Mya does have another spot of concern on her back...but I'm thinking and praying it's just a hot spot....she is prone to them... Vet techs thought it was probably a hot spot too. PRAYING IT IS! Will point out to surgeon. 

Lisa...since Mya also is suspected of having some autoimmune thing going on...maybe discoid lupus? I just emailed Marina to make sure the supplements she wants her on are ok. Thanks...I would have not thought of that! 

Appt. with surgeon is on Thursday morning.


----------



## LisaT

*Re: Wart looking growth*

Glad you are getting all of this done know - it feels better when there are things to accomplish. Hopefully Thursday isn't too far away. 

Glad that the supplements are okay. I have those issues with Indy - most of the things that fight cancer also boost her vaccine issues. It's a tough balance!


----------



## Daisy1986

*Re: Wart looking growth*

Just stopped by to check on Mya. 

No new, news until Thurs? Correct? 








Still thinking of you and your family, Mya







and praying.


----------



## Tula

*Re: Wart looking growth*

thoughts and prayers are with you. I hope you have some solid answers on Thursday.


----------



## Myamom

*Re: Wart looking growth*

I have no clue if it matters or not...but I just found out her blood work looks good......

I think she said one or two things were a little high...(maybe she said one was nitrogen????)...but overall it looked good...and certainly good for surgery........


----------



## Avamom

*Re: Wart looking growth*

That is good MA!









Good on the xrays too.....hoping its the "good" HSC (just the skin type) and can be "cured" with surgery like we talked about!


----------



## Myamom

*Re: Wart looking growth*

small glimmer of hope here...

So...I had all my records pulled out of that hospital and sent to my regular vet. Went down today and they gave them to me...and went over them with me. 
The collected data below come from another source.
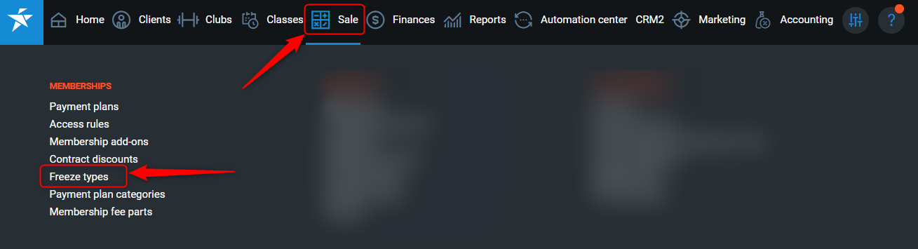 To access freeze types, go to PGM->Sale->Freeze Types.
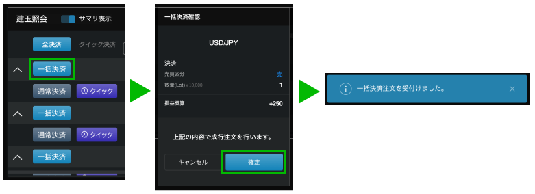 「⼀括決済」ボタンをクリックすると、同じ通貨ペアの同売買⽅向の建玉ごとに⼀括して成⾏決済されます。
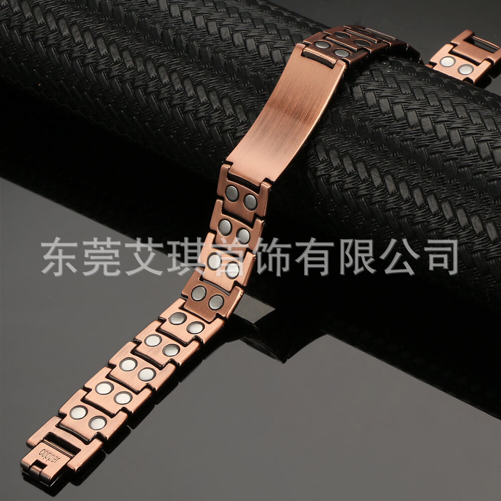 现货批发纯铜手链男士龟背双排磁石手链简约磁性能量手环红铜手链

1. Biopsy was NOT done. It was some kind of needle aspiration? 
2. Here were the results:

findings: Fibrovascular Tumor
Comments: Hemangiosarcoma is suspect. The lesion should be considered for appropriate surgical resection with biopsy advised to further confirm and assess cut margins. 


So...now I know why I'm seeing a surgeon. (wow...that hospital has me so upset...for not explaining ANYTHING to me....on a good note...my vet is doing well and coming home from the hospital)


----------



## Avamom

*Re: Wart looking growth*

OMG!!!







MA call me after work!

This changes a lot....what were they thinking, you do NOT tell someone their dog has Hermangiosarcoma if its not confirmed...there is a big difference between suspect and confirmed. That does explain why they couldn't tell you more about the biopsy...it wasn't done! A true biopsy can tell you more about the characteristics of the particular type of HSC, how well it metastisies (sp?), etc.


----------



## Myamom

*Re: Wart looking growth*

It's pretty upsetting

I had to call Marina today and put my supplements on hold .... as now I'm not positive what I'm dealing with. 
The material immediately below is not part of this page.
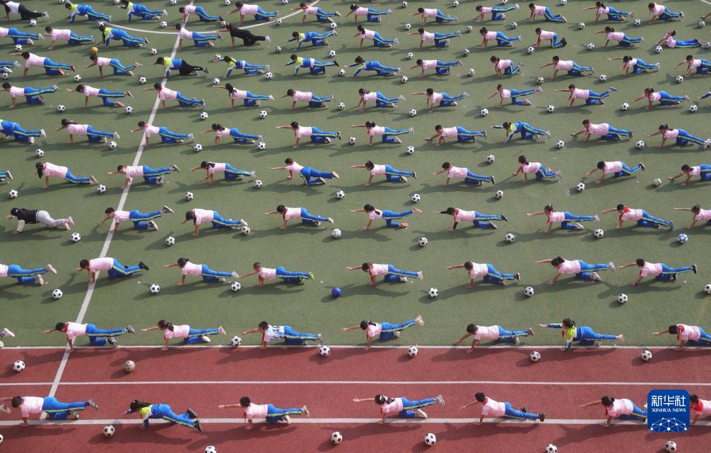 9月26日,河北省秦皇島市海港區耀華小學(xué)的學(xué)生在大課間練習足球操。
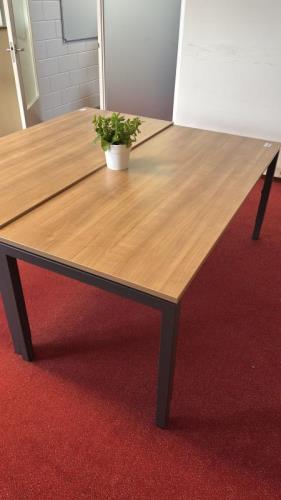 411 - 2 : 1 in hoogte verstelbare tafel, afm.ca 80 x 150 cm.

Yes...talk about having me crying all week...after being given a diagnosis like THAT by a vet tech who said....sorry. No explaination of what it even was....I had to look it up on the internet. And now I find out...it's not positive...I understand it's a good chance...but still..........


----------



## djpohn

*Re: Wart looking growth*

A needle aspirate will tell what kinds of "cells" are present. Based on the cells that were seen in the need aspirate they recommended that the tissue be removed and a biopsy performed because it is suspicious and may be Hemangiosarcoma. You can also have the aspirate sent to CSU to grow out to see exactly what you are dealing with. I did this with 2 different dogs, one came back as "nothing" the other confirmed the diagnosis of lymphoma (suggested by the cells in the aspirate).
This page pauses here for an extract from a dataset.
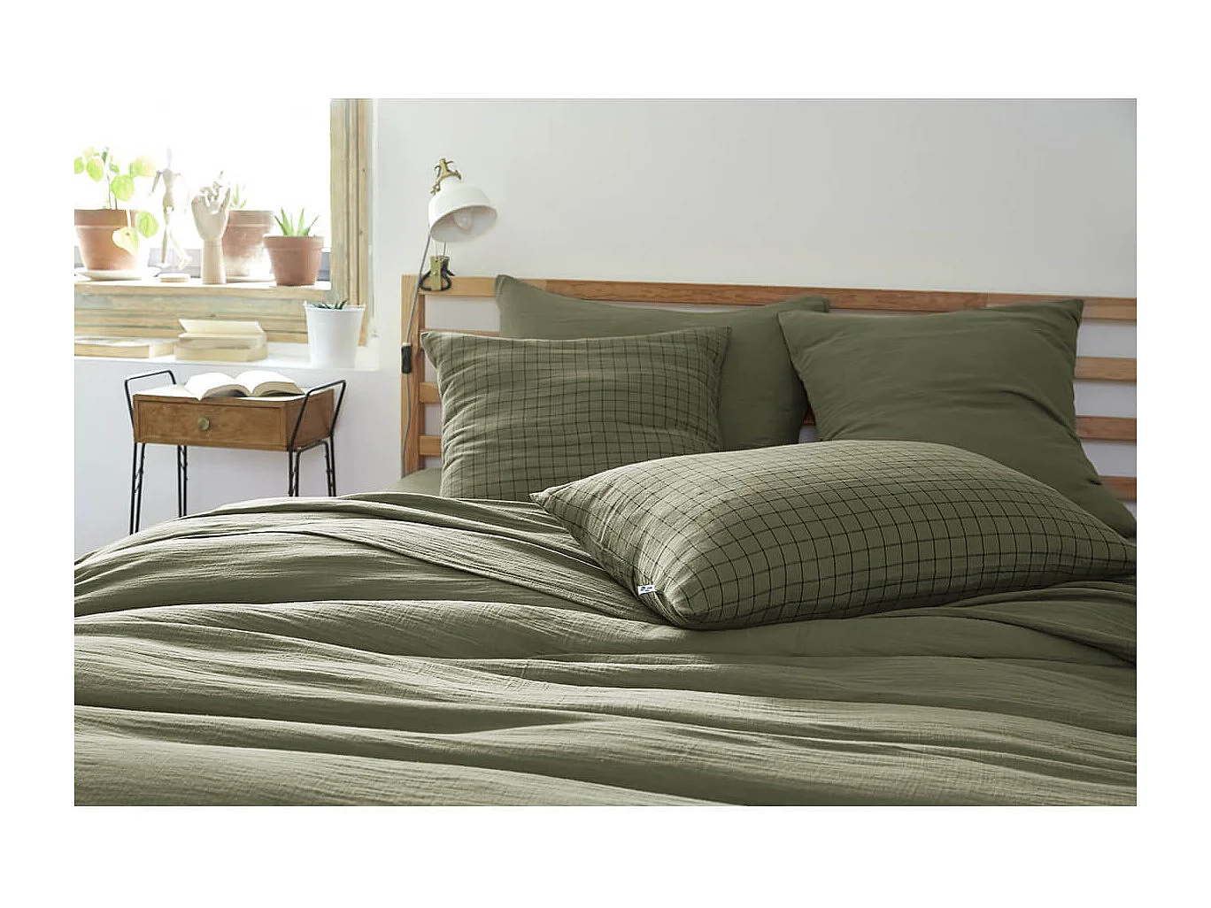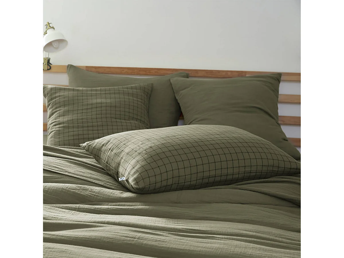 Taie d'oreiller à carreaux double gaze de coton kaki 50x70

Basically your dog has something going on and the sooner it's removed the better! Good luck and I hope it turns out to be nothing major!


----------



## M&J

*Re: Wart looking growth*

Mary Ann, what a jolt! My Lilly's 'needle aspirate' came back as the same thing! Suspicious for cancer with a whole host of different kinds it could be. 
I had both lumps surgically removed and they came back benign. Ancathoma? Some rare B9 thing. However, my vet told me that all lumps they call "tumors". Well tumor to a vet does not mean the same thing to me!
Here's hoping you get the same results.


----------



## Myamom

*Re: Wart looking growth*

Wow!!!! 

Thank you so much for these stories and explainations. I don't know what I'd do without you guys! 

Going in...a tad more hopeful...and definitely more knowledgeable.


----------



## Annikas Mom

*Re: Wart looking growth*

My boy, Manto, is at the vet right now recovering from having a "tumor" removed. It was the size of the tip of my pinky finger... We did a FNA last week and it came back with cancerous cells, spindle cell tumor to be exact. It is possible it is benign but also very possible it is cancer. Fibrosarcoma and Hemangiosarcoma are very possible. Won't know for sure until we get back the pathology report... Needless to say I am scared sh**less!!

All my best to you and Mya tomorrow!!


----------



## Myamom

*Re: Wart looking growth*

Oh Darlene! My prayers are with you and Manto as well!


----------



## selzer

*Re: Wart looking growth*

keeping my fingers crossed for you. 

My vet was pretty sure Arwen had hemangiosarcoma with an enlarged spleen last year. I told him she was pregnant, but he was pretty sure and was suggesting surgery. He checked with a few people and decided an ultrasound was the next best step. 

After finding out everything I could about it, I was a basket case going into the ultrasound.


----------



## BandCsMom

*Re: Wart looking growth*

Hi Maryann, I just caught up on some posts. Wow, I have learned alot. 
I wish I could give you some advice, but all I can give is support and tell you my thoughts and prayers are always with you.


----------



## Myamom

*Re: Wart looking growth*

UPDATE - CONSULT WITH SURGEON

First...LOVED the surgeon! He explained everything in great detail. He does not like needle aspirates and personally does not do them. He said they only look at cells and results could mean many different things. He likes to get in...get it out and go to biopsy. He feels this is small and cutaneous and thinks he can get this out with wide margins without affecting the use of her leg (i.e. taking too much muscle). This is scheduled for next Thursday. From there...it will be sent for biopsy....results will take a week. If this is indeed hemangiosarcoma...and he gets a low grade and clean margins...then we are looking at probable cure through the surgery. If we get dirty margins...and a higher grade...we will be referred to an oncologist to discuss further treatment options...i.e. chemo, etc. I asked if there was still a chance...given the worst scenerio...for a cure...and he said yes.


----------



## Avamom

*Re: Wart looking growth*

WONDERFUL!!! Sounds like it was just what we were talking about last night









Fingers crossed all goes well with surgery and he gets clean margins and a good biopsy result. I am glad he answered all your questions! Sounds like he is optimistic too!


----------



## Daisy1986

*Re: Wart looking growth*

This seems to be all very good news. Very hopeful! 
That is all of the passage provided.